The Syrian government and its ally Russia “bear special responsibility for ending the fighting in Syria,” the two leaders agreed, strongly condemning the strikes in eastern Aleppo, an area they said is “populated with hundreds of thousands of civilians, half of whom are children.”
The United Nations says a humanitarian catastrophe is unfolding unlike any witnessed so far in Syria’s brutal five-year war as Moscow and Damascus carry out an offensive to retake the city after a ceasefire collapsed last week.

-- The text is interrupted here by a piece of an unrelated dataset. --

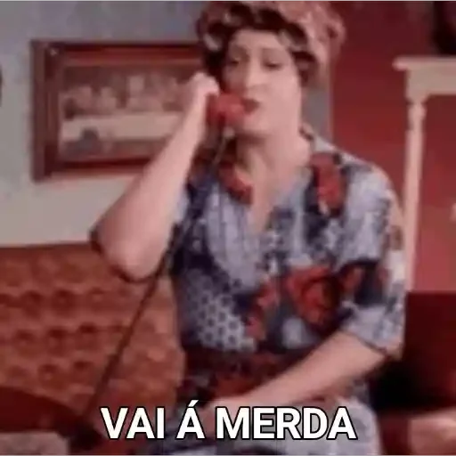 Mulher loira, com expressão de raiva, falando ao telefone. Ela veste uma blusa azul com estampa de flores vermelhas e está sentada em um sofá. A legenda 'Vai à merda' aparece na parte inferior.

Obama and Merkel urged parties on the ground to “continue respecting the ceasefire, begin the disengagement of forces along the line of contact as quickly as possible and provide international monitors unfettered access to the entire conflict zone.”
Air strikes pounded Aleppo province on Thursday while at least 11 civilians, including seven children, died during attacks on the city of Idlib, nearby Jarjanaz and central Hama province, the Syrian Observatory for Human Rights said.